Rheumatology (that isn't covered in M&M) Flashcards
Systemic sclerosis (scleroderma)
A: Systemic tissue disease causing fibrosis, associated with malignancy.
S: Limited cutaneous: skin affected early, but systemic symptoms occur late. CREST syndrome (Calcinosis, Raynaud’s syndrome, Esophageal dysmotility, Sclerodactyly, Telangiectasia).
Diffuse cutaneous: Rapidly progressing, early systemic involvement.
Dysphagia, nausea, vomiting, weight loss, abdominal cramps, bloating, diarrhoea, SOBS, cough, palpotations, joint/muscle pain.
D: Clinical. But often are ANA posotive, ACA posotive, and SCL-70 posotive
T: Depends on organ involved
Fibromyalgia
A: Environmental and genetic.
S: Chronic widespread pain lasting more than 3 months, associated with fatigue, poor sleep, stiffness, cognitive difficulties, anxiety and/or depression.
D: Criteria for diagnosis: pain in all 4 body quadrants, 3 months +, 11 out of 18 tender points.
T: Graded exercise, relaxation techniques. Tricyclics, antidepressants, muscle relaxants, gabapentin.
Osteomalacia
A: Defective bone mineralisation of new bone, childhood form is known as rickets. From vitamin D deficiency: malnutrition, malabsoption, coeliac disease, hypophosphataemia, renal failure, Fanconi syndrome (kidneys don’t reabsord properly), anti-convulsant therapy.
S: Proximal myopathy (waddling gate), bone pain and deformity, hypocalcaemia, dental problems.

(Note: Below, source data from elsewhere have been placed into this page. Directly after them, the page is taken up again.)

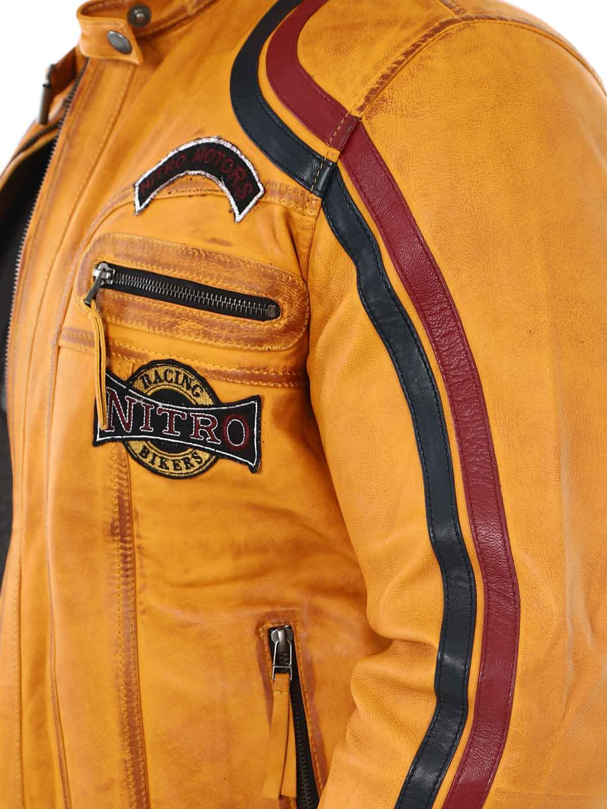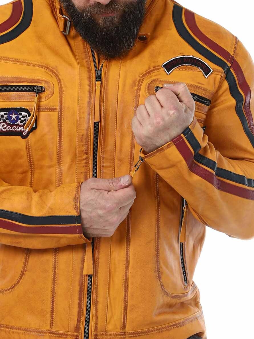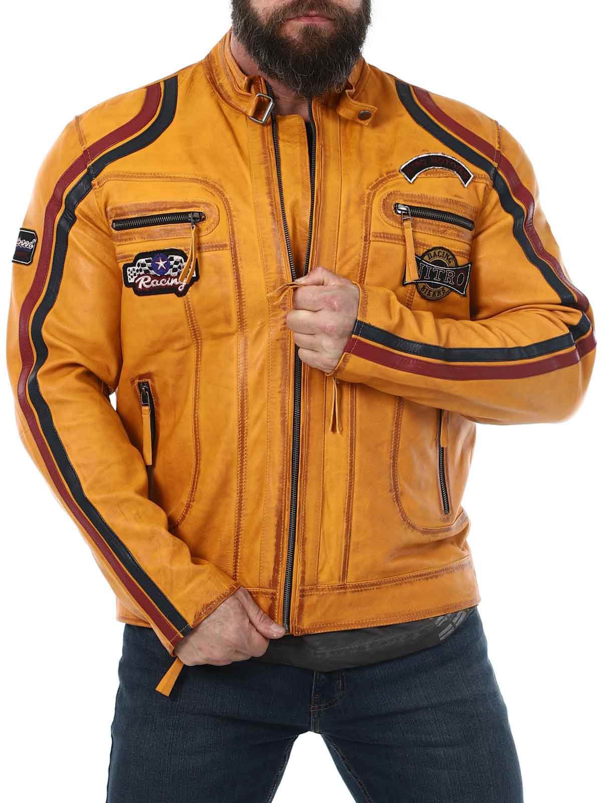 Jakke med stofflapper og striper som gir et stilig racinglook. Laget av mykt og smidig skinn. Den har fire frontlommer med glidelås, to innerlommer og justerbare mansjetter. Frekk jakke kun tilgjengelig hos RockDenim!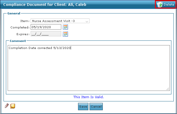 To remove an invalid or incorrect compliance document from a client’s profile: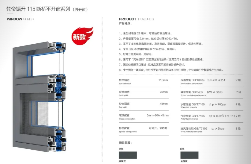 型号:梵帝振升115断桥平开窗系列(外开窗)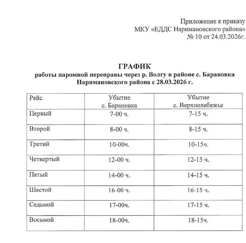 С 28 марта начала действовать паромная переправа через Волгу для жителей сел Барановка и Петропавловка. В администрации Наримановского района отметили, что паром Нариманов - Барановка переходит на работу в штатном режиме.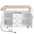 K&K 55.7'' Large Kitchen Island With 2 Drop Leaf, Rolling Kitchen Cart On 5 Wheels With Power Outlet, Folding Storage Dining Table With Spice & Towel Rack3 Drawers, For Kitchen, Dining Room,White White White Kitchen Classic,Farmhouse,Luxury,Modern

D: Low vitamin D, calcium and phosphate. High ALP and PTH.
x-ray shows pseudofractures/looser zones.
T: Vitamin D replacement
Paget’s disease
A: Elderly, male > female. Chronic disorder of bone remodelling with excessive breakdown and formation of bone causing painful, misshapen bone and fractures.
S: Increased head size, sabre tibia, warmth over affected area, bone pain, hearing loss (from CN 8 compression)
D: Urine (increased hydroxyproline - indicates bone turnover), raised ALP, x-ray (mixed areas of osteolytic and sclerotic areas). Calcium and phosphate normal.
T: Biphosphonates, calcitonin, surgery for fractures.